WHAT YOU HAVE TO DO >> Exactly reproduce the lines of the listing below from the one containing "Corte el tronco" through the one containing "サイズ:折り曲げた状態(ケース)約25×17cm / 伸ばした状態全長60cm×15.5cm". Skip the images.

DATA LISTING section start

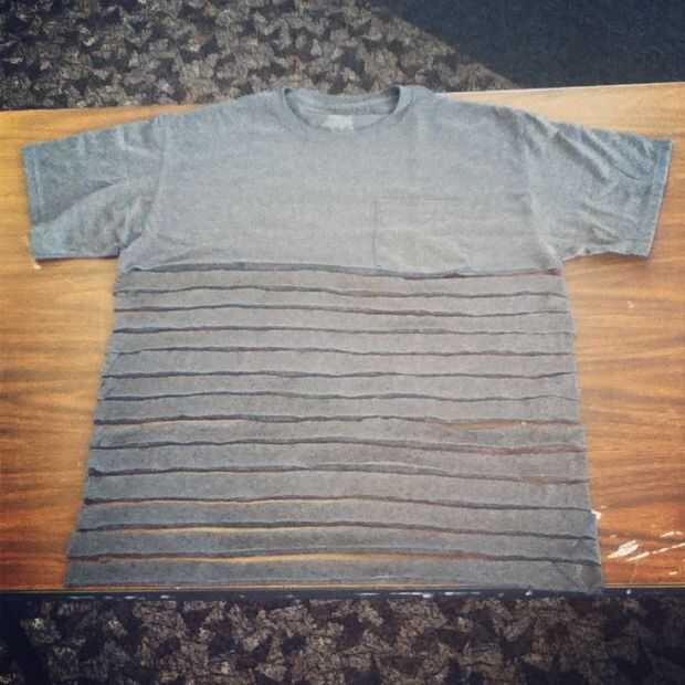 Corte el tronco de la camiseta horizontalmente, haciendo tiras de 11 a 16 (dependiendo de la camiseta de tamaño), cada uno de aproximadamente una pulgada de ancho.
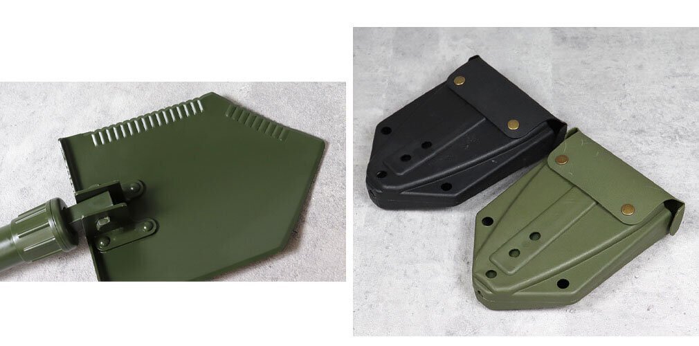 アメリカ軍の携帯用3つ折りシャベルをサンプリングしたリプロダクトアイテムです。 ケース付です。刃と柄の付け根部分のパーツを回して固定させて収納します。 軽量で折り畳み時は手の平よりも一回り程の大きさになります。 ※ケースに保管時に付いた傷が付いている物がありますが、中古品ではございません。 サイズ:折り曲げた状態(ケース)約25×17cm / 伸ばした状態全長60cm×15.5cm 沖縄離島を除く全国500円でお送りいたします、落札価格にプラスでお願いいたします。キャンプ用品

DATA LISTING section end
DATA LISTING section start

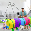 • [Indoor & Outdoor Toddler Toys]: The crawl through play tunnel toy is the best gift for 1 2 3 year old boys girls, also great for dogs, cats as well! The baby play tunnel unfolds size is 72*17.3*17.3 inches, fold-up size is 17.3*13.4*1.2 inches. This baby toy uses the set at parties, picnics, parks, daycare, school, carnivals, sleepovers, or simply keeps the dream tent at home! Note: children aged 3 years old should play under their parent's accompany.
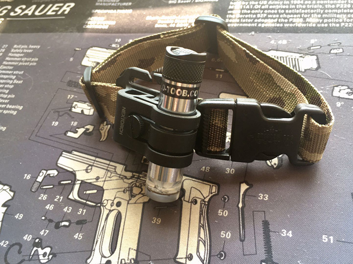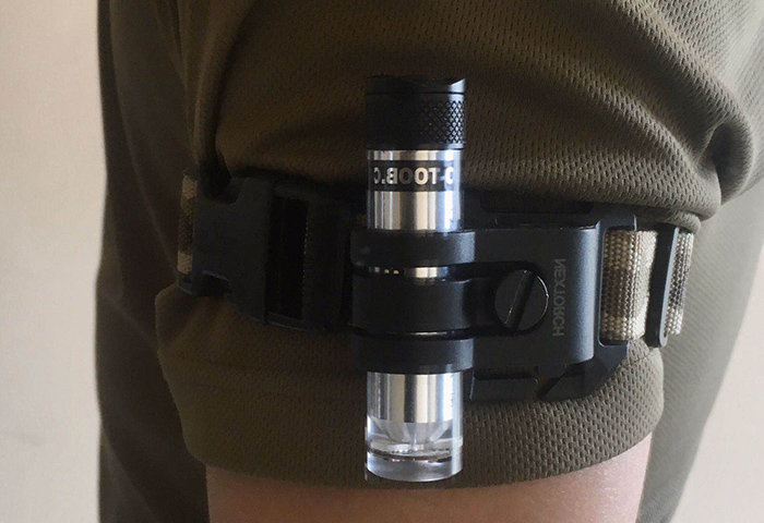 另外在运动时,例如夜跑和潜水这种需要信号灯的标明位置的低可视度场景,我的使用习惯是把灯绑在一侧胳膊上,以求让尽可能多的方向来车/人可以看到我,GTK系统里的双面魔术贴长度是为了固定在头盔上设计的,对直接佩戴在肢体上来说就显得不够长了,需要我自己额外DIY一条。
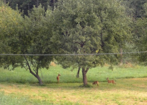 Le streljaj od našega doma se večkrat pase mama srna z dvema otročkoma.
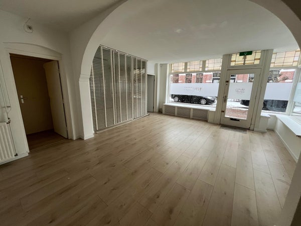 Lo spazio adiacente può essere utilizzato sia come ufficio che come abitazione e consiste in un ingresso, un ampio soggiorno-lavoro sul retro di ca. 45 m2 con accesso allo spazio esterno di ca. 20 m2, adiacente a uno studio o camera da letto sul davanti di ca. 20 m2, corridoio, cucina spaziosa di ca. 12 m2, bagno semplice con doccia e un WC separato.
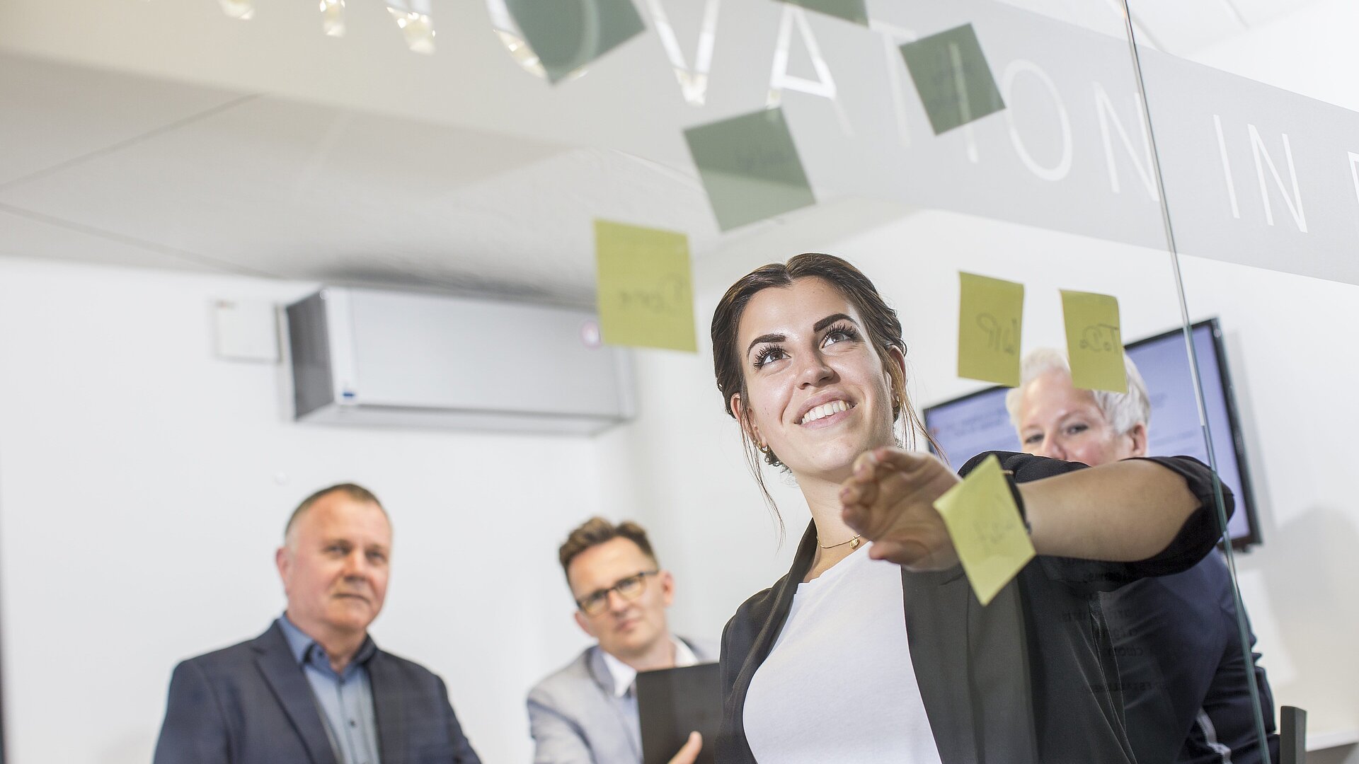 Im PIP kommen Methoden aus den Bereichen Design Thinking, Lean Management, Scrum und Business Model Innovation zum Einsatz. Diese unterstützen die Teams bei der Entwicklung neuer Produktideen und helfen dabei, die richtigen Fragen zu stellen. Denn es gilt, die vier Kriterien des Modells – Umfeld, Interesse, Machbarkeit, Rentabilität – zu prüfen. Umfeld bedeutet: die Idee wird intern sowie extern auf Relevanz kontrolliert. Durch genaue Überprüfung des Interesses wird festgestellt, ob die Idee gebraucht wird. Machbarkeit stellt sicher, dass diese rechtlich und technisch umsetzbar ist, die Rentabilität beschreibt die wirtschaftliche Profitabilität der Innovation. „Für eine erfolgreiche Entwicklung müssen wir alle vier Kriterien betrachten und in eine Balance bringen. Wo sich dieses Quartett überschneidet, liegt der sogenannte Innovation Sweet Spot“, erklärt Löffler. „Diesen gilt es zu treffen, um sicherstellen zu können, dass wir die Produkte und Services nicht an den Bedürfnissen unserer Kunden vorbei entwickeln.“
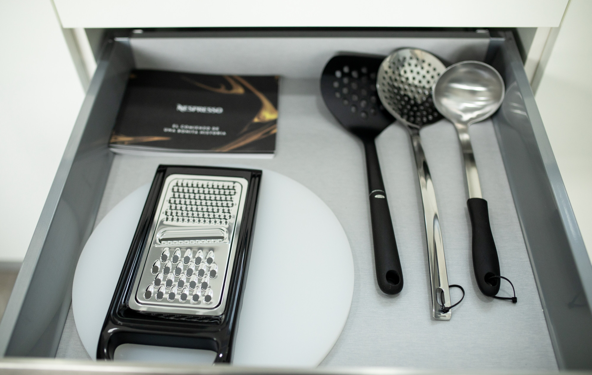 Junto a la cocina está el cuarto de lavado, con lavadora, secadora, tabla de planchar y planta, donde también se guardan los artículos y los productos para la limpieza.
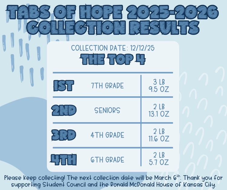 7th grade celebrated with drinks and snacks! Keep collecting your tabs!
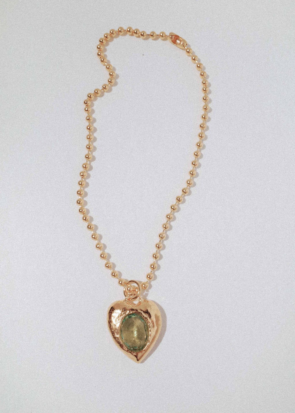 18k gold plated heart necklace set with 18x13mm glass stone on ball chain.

DATA LISTING section end

YOUR RESPONSE >>
 Corte el tronco de la camiseta horizontalmente, haciendo tiras de 11 a 16 (dependiendo de la camiseta de tamaño), cada uno de aproximadamente una pulgada de ancho.
 アメリカ軍の携帯用3つ折りシャベルをサンプリングしたリプロダクトアイテムです。 ケース付です。刃と柄の付け根部分のパーツを回して固定させて収納します。 軽量で折り畳み時は手の平よりも一回り程の大きさになります。 ※ケースに保管時に付いた傷が付いている物がありますが、中古品ではございません。 サイズ:折り曲げた状態(ケース)約25×17cm / 伸ばした状態全長60cm×15.5cm 沖縄離島を除く全国500円でお送りいたします、落札価格にプラスでお願いいたします。キャンプ用品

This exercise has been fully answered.